Zachary F. Burton - US grants

Human RAP74 is the large subunit of Transcription Factor IIF (TFIIF), an initiation and elongation factor for transcription by RNA polymerase II. This protein is highly phosphorylated in vivo. RAP74 has a somewhat unusual domain structure, with basic N- and C-terminal domains separated by a highly charged and overall acidic central region. The N-terminal domain is involved in binding to RAP30, the small subunit of TFIIF. The C-terminal domain binds to DNA and RNA polymerase II and affects the catalytic potential of polymerase in in vitro transcription assays. The central portion includes sites of phosphorylation and appears to be a regulatory hinge for the N- and C-terminal domains. Using casein kinase II in vitro, RAP74 is phosphorylated within the central portion of the molecule. These phosphorylation sites are being precisely located by peptide mass mapping using specific enzymatic digestions and MALDI-MS analysis. In vivo phosphorylated material will be similarly analyzed to determine whether the casein kinase sites are of physiological importance. Assays are being developed to analyze the importance of phosphorylation of RAP74 in transcription.

RNA polymerase II-associating protein (RAP) 74 is the large subunit of human transcription factor (TF) IIF. This protein cooperates with TFIIA, TFIID, TFIIB, RNA polymerase II, RAP30, TFIIE, and TFIIH to accurately initiate transcription from a promoter. TFIIF (RAP30-RAP74) also stimulates the elongation rate of RNA polymerase II. RAP74 is phosphorylated in vivo on serine at unknown positions. Phosphorylation of RAP74 increases activity in accurate initiation and appears to strengthen the affinity of TFIIF for RNA polymerase II. We are interested in mapping the natural phosphorylation sites on RAP74 using mass spectrometry. Inspection of a serine-rich region within RAP74 revealed several potential casein kinase II sites. Casein kinase II phosphorylates RAP74 in vitro, and several of the sites that are modified have been identified using mass spectrometry. RAP74 also appears to be a substrate for phosphorylation by human transcription factors TAF II250 and TFIIH.

DESCRIPTION (adapted from applicant's abstract): The broad aim of this research is to determine the role of human transcription factor IIF (TFIIF) in initiation and elongation. TFIIF appears to have a key role in isomerization of RNA polymerase II initiation and elongation complexes, supporting an activated state of RNA polymerase II for transcription. Mutations in the L155 to M177 region of the RAP74 subunit of TFIIF have startlingly similar effects on initiation and elongation.

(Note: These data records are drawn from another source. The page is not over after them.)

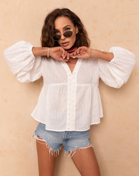 Delikatna, kobieca bluzka w odcieniu klasycznej bieli, wykonana z lekkiego, zwiewnego materiału z subtelną fakturą. Model wyróżnia się efektownym dekoltem w kształcie litery V oraz ozdobnym wykończeniem, które nadaje całości eleganckiego charakteru. Bufiaste rękawy na gumce dodają romantycznego stylu i lekkości sylwetce. Idealna zarówno do codziennych stylizacji, jak i na bardziej wyjątkowe okazje.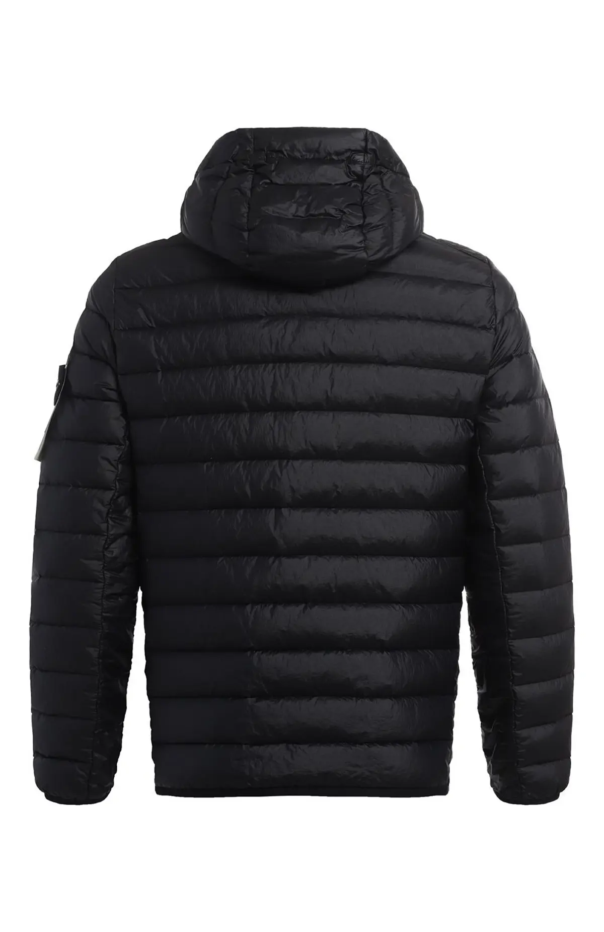 Пуховик прямого кроя выполнен из лёгкого материала с матовым блеском. Утеплённый пуховым наполнителем, он обеспечивает надёжную защиту от холода при минимальном весе. Капюшон с регулировкой и эластичная отделка по краям добавляют функциональности, а фирменная нашивка на рукаве завершает образ.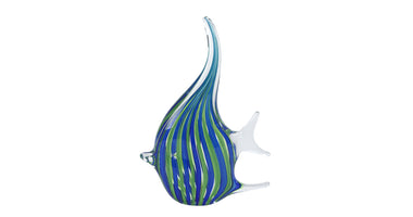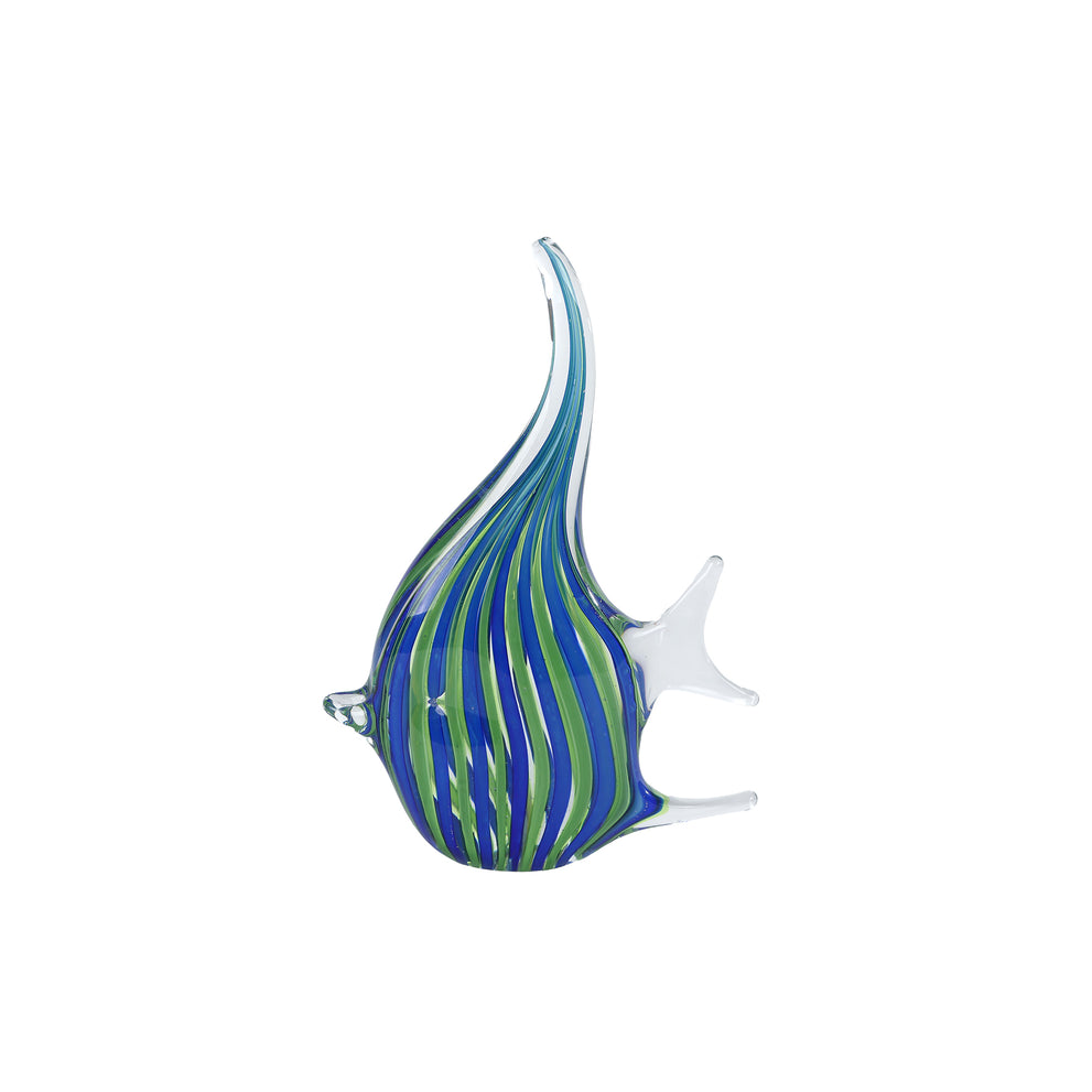 Skulptur "Fisch" aus blau/grün gestreiftem Glas, 13x4x21cm

In initiation, TFIIF appears to induce promoter DNA to wrap around RNA polymerase II. TFIIF may isomerize elongation complexes by enhancing DNA bending through the RNA polymerase II active site. Specific aims are directed toward testing conformational models for TFIIF function in initiation and elongation. Other aims are directed toward analysis of DNA wrapping and helix untwisting in transcriptional mechanisms. Highly sensitive assays for TFIIF functions have been developed to monitor transcription complex. Abortive initiation, productive initiation, and runoff transcription assays will be done to analyze the roles of TFIIF in initiation. Transcription complexes will be probed with chemical modification reagents that are specific for single-stranded DNA to correlate maintenance of an open complex with transcriptional function. During elongation, RNA polymerase II may extend an RNA chain according to a branched kinetic pathway in which the enzyme partitions between an activated conformation for elongation and an inactive form. Elongation experiments will test this hypothesis. DNA wrapping around RNA polymerase II and the general transcription factors will be analyzed by fluorescence energy transfer and photocrosslinking studies. The role of TFIIF in this process will be analyzed. TFIIF is also proposed to have a role in DNA bending through the RNA polymerase II active site and in DNA untwisting. Helix untwisting is thought to result from constraint of the DNA between a DNA bend formed at the TATA box by TBP and TFIIB and a second DNA bend through the RNA polymerase II active site formed in part by TFIIF and TFIIE. DNA topology assays and gel mobility shift assays will be used to determine roles for TFIIF and TFIIE in conformational isomerization of the pre-initiation complex.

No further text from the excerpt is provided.